Classic weight-management supplement ingredients like Garcinia cambogia, which suppresses appetite, or green coffee bean extract, which increases metabolism, don’t address leptin and the endocrine system. “These products were not effective enough,” Pande said. “They give external stimuli, but only while they are there. Next time when you take the same thing again, it won’t even work well because they work on receptors. Receptors are ever-present. They’re lightbulb switches. You switch them more and more and they become ineffective all the time. So that’s the problem.”
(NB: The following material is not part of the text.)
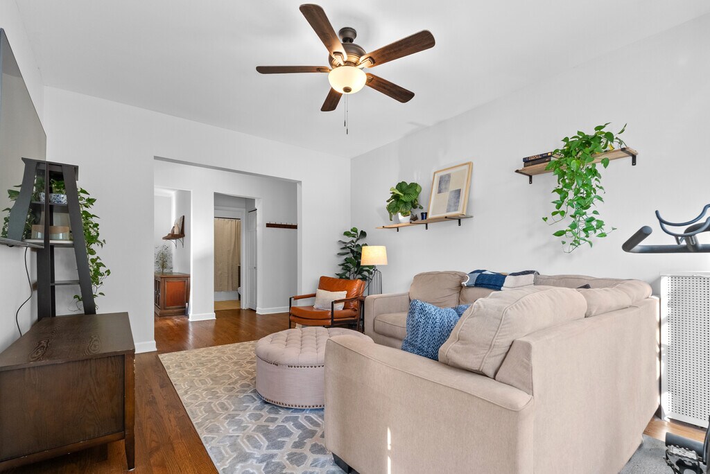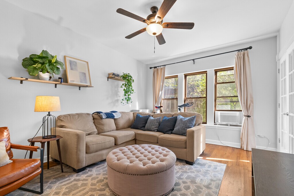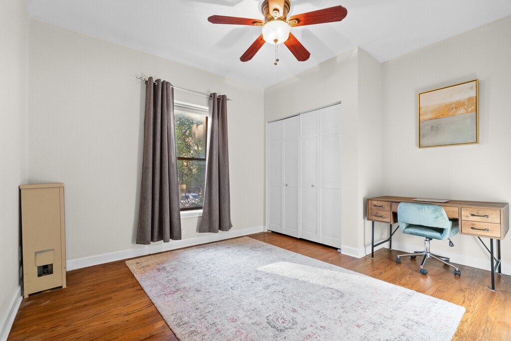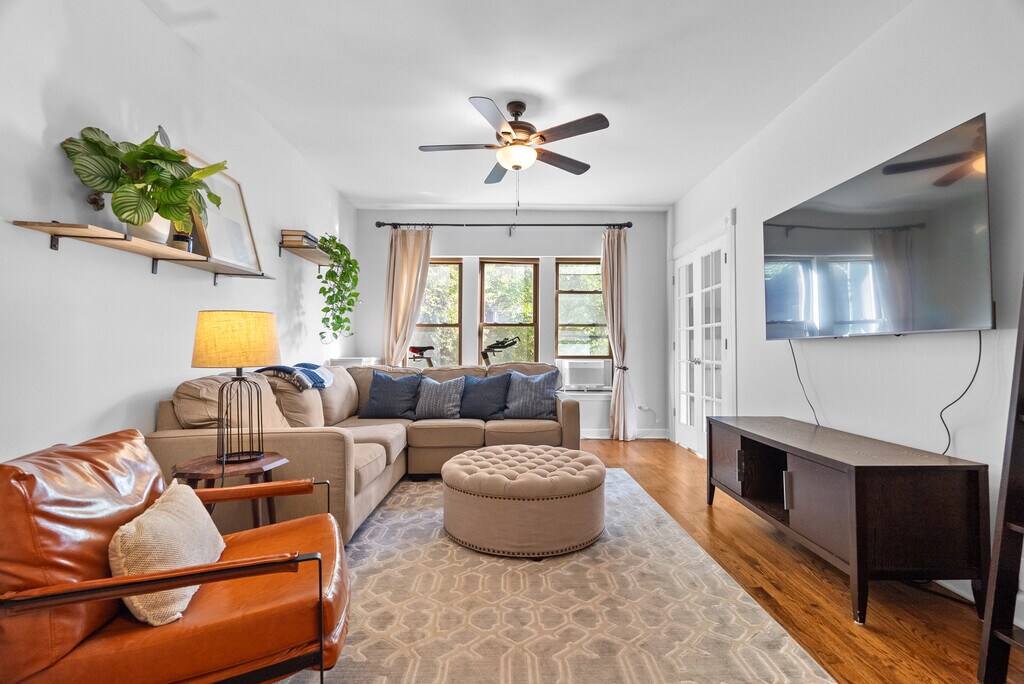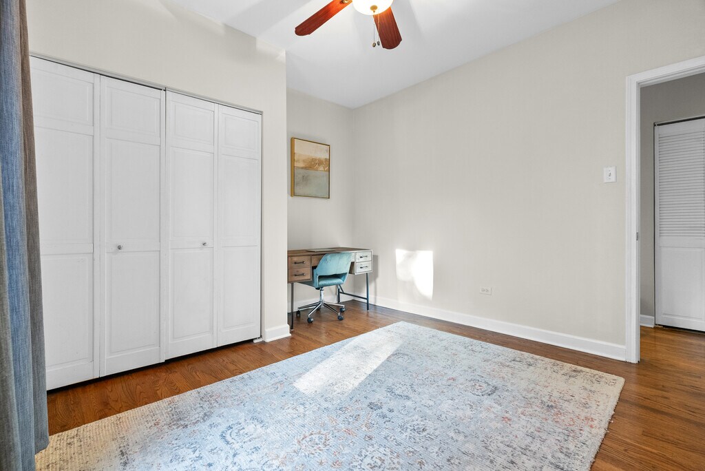 This bright and updated 2 bed, 1 bath plus office apartment in the heart of Graceland West combines vintage charm with modern convenience, perfect for professionals, couples, or young families. It offers two king-sized bedrooms, a bonus office/den, and a renovated kitchen and bath with brand-new stainless steel appliances. Additional highlights include in-unit laundry, hardwood floors, a private deck nook, and the option to lease partially furnished. Pets are welcome ($35/month per pet), and attentive on-site landlords ensure a smooth living experience. Nestled on a quiet, tree-lined street in the Ravenswood Elementary district, the home is just a short walk to Southport Corridor, Wrigley, the Brown Line, parks, and coffee shops.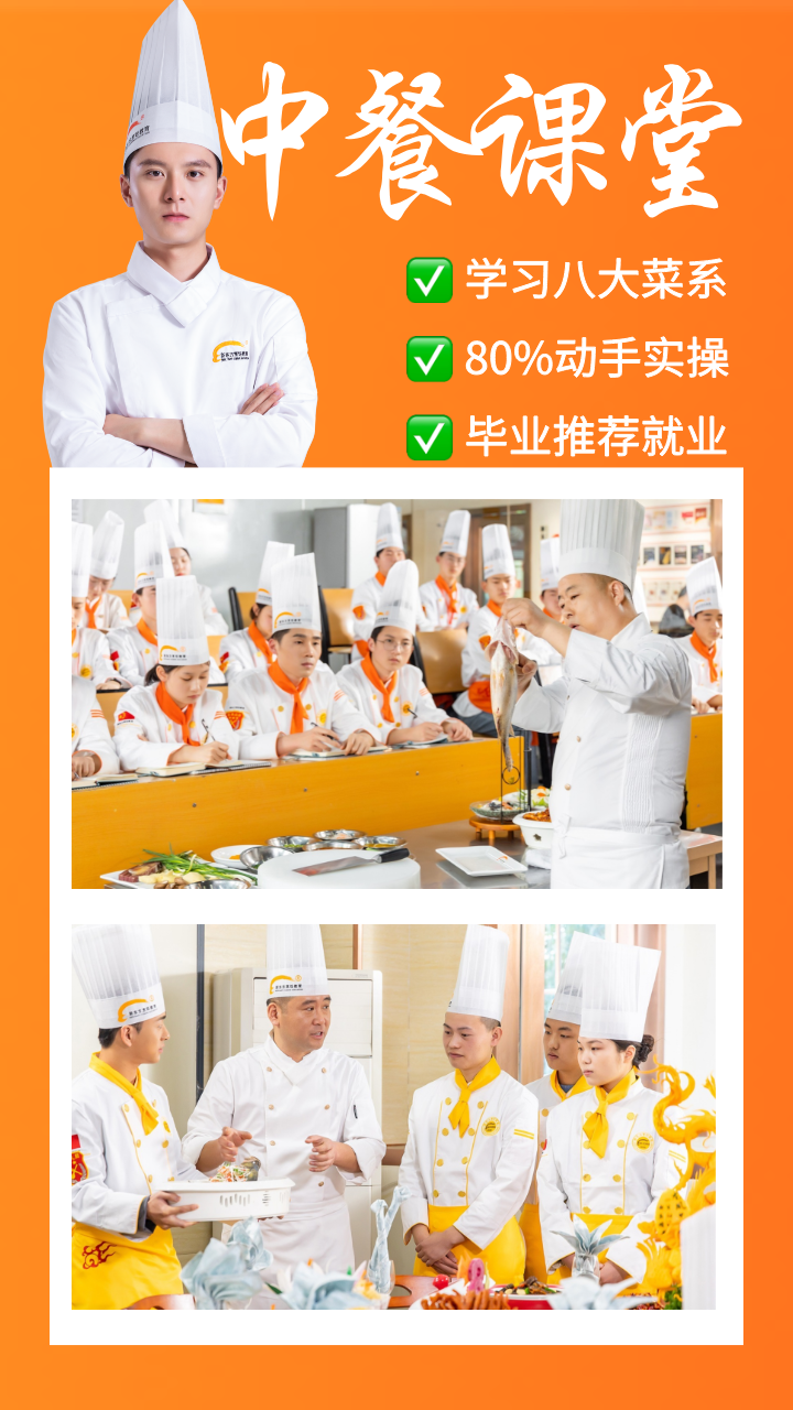 学校定位:新兴厨师培训机构,专注年轻化餐饮技能培训,以网红美食为核心特色。 核心业务:提供1-2个月网红美食班,覆盖短视频热门菜品、创意料理等方向。 学费情况:网红美食班学费区间为5000-10000元,包含食材费,部分高端创意课程需额外付费。 实训资源:建有7间现代化实训教室,设备先进,实操课程占比约85%,小班教学,注重互动体验。 师资团队:由年轻厨师与网红美食博主组成,具备一定创意菜品研发能力,但行业经验相对不足。 就业创业支持:提供网红店铺运营指导,如短视频拍摄、直播带货技巧,但缺乏传统餐饮就业渠道。 核心优势:课程紧跟美食潮流,教学风格年轻化,适合想要从事网红餐饮创业的学员。

“CurCousin deals with the problem differently,” Pande continued. Because CurCousin helps manage leptin levels, “you are managing your adiponectin,” he said. CurCousin also helps improve HBA1C levels and improve lipid levels, and can also maintain microbiome diversity (because obese individuals have been found to have microbiomes that are less diverse compared to healthy subjects).

In addition to CurCousin, Sabinsa offers its LivLonga ingredient, a combination of Garcinia cambogia and curcumin, which supports people with fatty liver, which is “basically a hepatic manifestation of obesity or metabolic imbalances,” Pande said. “So these things are very much closely related to each other.” He contrasted LivLonga with the detoxifying liver-support ingredients—“basically silymarin-based products”—that have been most common in the market so far.

Sabinsa’s goal is to reframe the conversation around overall metabolic health. That is where Pande said the company will be focusing its ingredient development as well.

“I think this is a year when we really have been focusing and will continue to focus on educating the consumer that metabolic health and weight loss are not two separate things,” he said. “Your active-lifestyle scenario can only be fortified if you look into metabolic health as an overall. Today, metabolic health is more likely a route because it blends all the effects of the microbiome, good nutrition, and your overall general health, because you can’t create one without managing the other. Metabolic syndrome basically constitutes hypertensive nature, hyperlipidemia, hyperglycemia, cell obesity. So these things, you can’t treat them separately.”

He concluded: “You need to balance out your supplemental regimen in order to get the balance back in the system. It’s all about getting the metabolic balances.”